# need help with my setup for sharking from the beach



## shiner2011 (Jul 12, 2013)

I have a Penn 114 H2 special senator/ Penn slammer rod combo. 
I really want to go with a braided line for the extra line capacity so that I can get my bait 4 to 5 hundred yards out and still have enough line for the fish to run if he needs too 
*I just want to know would I be better off going with a lower pound mono or can I use 80 lb braid (power pro)?
Im just wondering what type of line would stand up better to the abrasion from the sandbars?*
And also I would like to see some different leader setups as well, I have no one to talk to about saltwater fishing so Im having to rely on information I get from saltwater fishing forums online, because I live in Arkansas and I will only be saltwater fishing a few times a year (Untill I by a house on the ocean somewhere







) lol...
any recommendations or any advice would be greatly appreciated!!!
thanks


----------



## foreverfishing (Nov 30, 2012)

if you are gonna be fishing this area there is no need to put your bait that far out. that being said don't go straight braid on your reel. but you might want to consider it as backing under some 50+ lb mono. put atleast 300 yds of mono on it and back it with 65lb braid. you'll have enough line to stop a lot of big fish 

http://www.tx-sharkfishing.com/

the system that they use on that website works well for them and many others on here. but there are a lot of ways to rig for sharks off the surf.


----------



## Ugly 1 (Feb 8, 2013)

I have lost several shark leaders using braided line! Nothing worse than tight lines going slack and reeling in a dead line! Your 6/0 should have plenty of capacity with straight mono and if your worried do like FF said and go with braided backing and a mono top shot. It will save you a lot of $ and grief. UGLY


----------



## shiner2011 (Jul 12, 2013)

I've decided to put braid on as backing and then go with 50lb mono on top of that... 
I know this is a stupid question but I figure that someone has done it before and may can tell me what to do.... after all, the reason you ask questions on a forum is to learn right... lol
My Penn special senator 6/0 reel will hold the following amounts of line

(Mono capacity) Yards/lbs (braid Capacity) 
450/50 1250/65 

I want to use about 350 yards of 50lb monofilament and put braid under that but im not sure how much braid Im going to need to use? If I use 50 lb power pro which is equivelant to 12 lb mono or something around that anyways, how much braided line will I be able to put on my reel and what should my total length of line on my reel be?
the small diameter of the braid has got me so confused about how many yards that will put on my reel.....
Im just trying to get the best out of my reel... I want a lot of line and like everyones telling me that mono is the best to use, im just trying to get some extra line just in case I hook into a monster, I don't want to be spooled... just saying!!!
Thanks to anyone who can help me with this problem!!!


----------



## johnf (Jan 20, 2012)

What size sharks are you wanting to catch? 
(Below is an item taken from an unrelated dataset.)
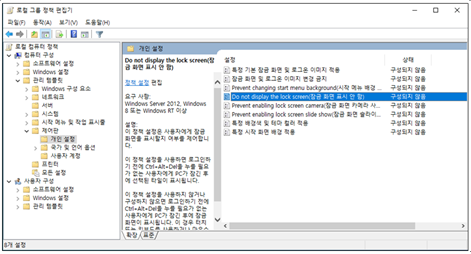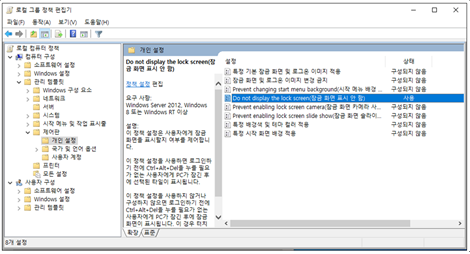 다섯번째, Windows의 잠금화면을 없애기 위하여 위 화면에서 "로컬 컴퓨터 정책" -> "컴퓨터 구성" -> "관리 템플릿" -> "제어판" -> "개인 설정" -> "Do not deplay the lock screen(잠금 화면 표시 안함)"을 선택하여 클릭하면 다음과 같은 화면이 나타난다.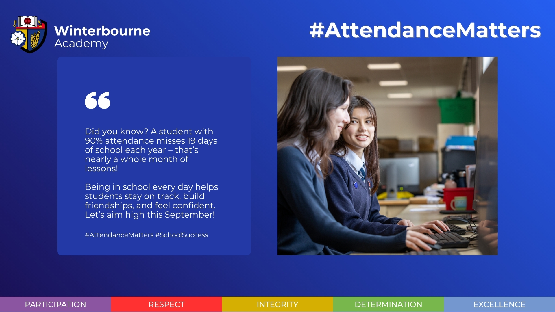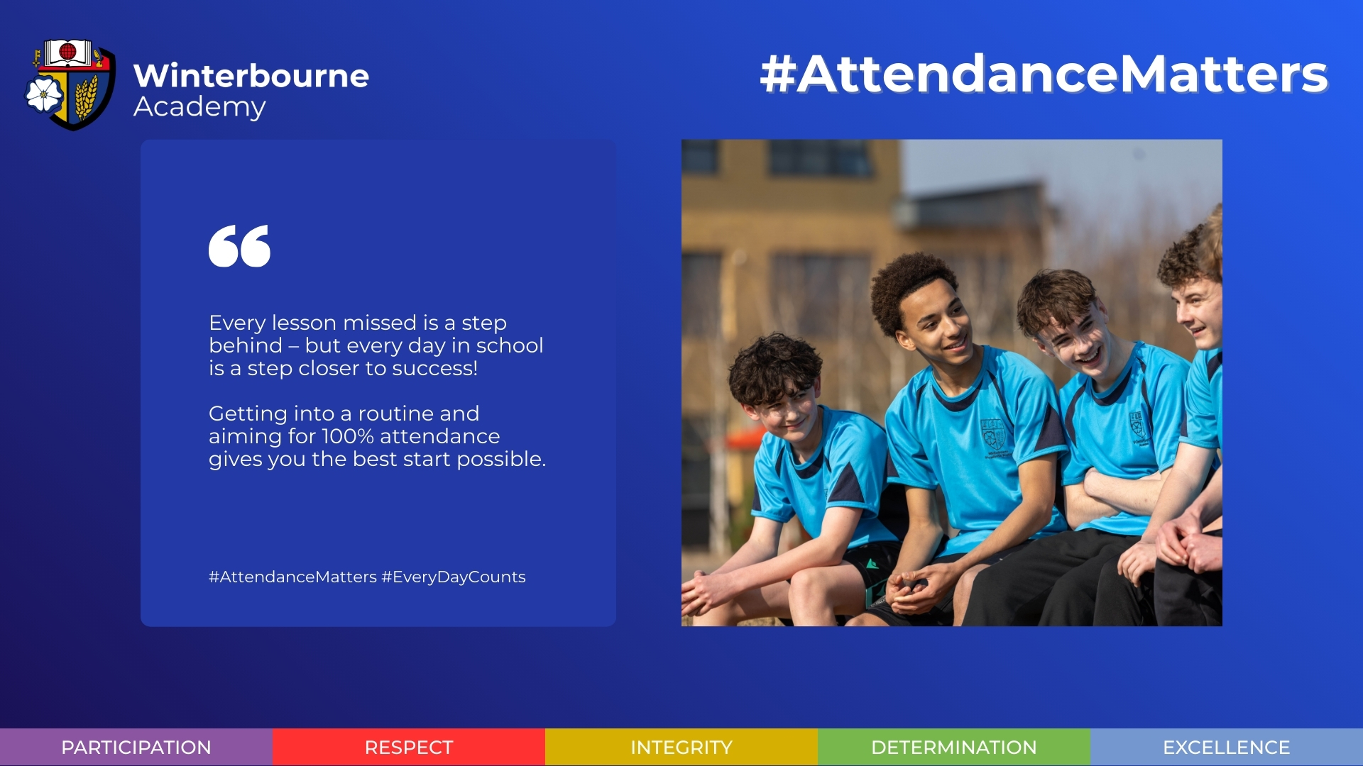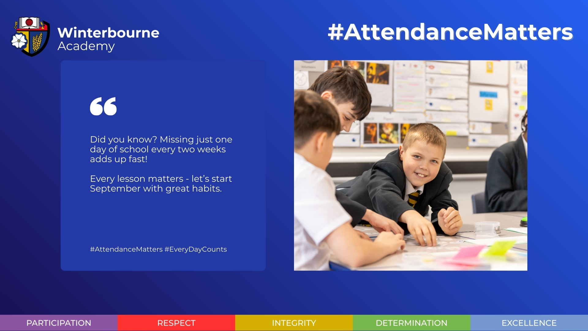 Winterbourne Academy and Olympus Academy Trust are passionate about attendance because being in school regularly really does matter! Making connections everyday with other children and staff builds belonging, which we believe is an essential component of a healthy, happy child.

I've got a couple leaders left from my trip from this summer and live in Arkansas. Where are you at, I could spare a couple.



















I was using a Penn 309 with 30# mono on both, also caught about a 4' Stingray on the same setup. Baits were yaked out about 175-200 yards.


----------



## johnf (Jan 20, 2012)

Here's a Penn line capacity chart. 










I would guess 600 yards of 50lb line is plenty for the vast majority of sharks. I say spool it up with some good line and be done with it


----------



## johnf (Jan 20, 2012)

Here's the chart.


----------



## shiner2011 (Jul 12, 2013)

johnf said:


> What size sharks are you wanting to catch?
> 
> I've got a couple leaders left from my trip from this summer and live in Arkansas. Where are you at, I could spare a couple.
> 
> ...


I'm after any size sharks really... lol with that being said I would really like to catch some in the 6 to 8 foot range and even bigger than that depending on the species of shark lol 
I live in *Crossett Arkansas*, its in south Arkansas... 
*where are you located in Arkansas*? and
*what kind of leaders do you have? and would you be willing to sell them?*
thanks


----------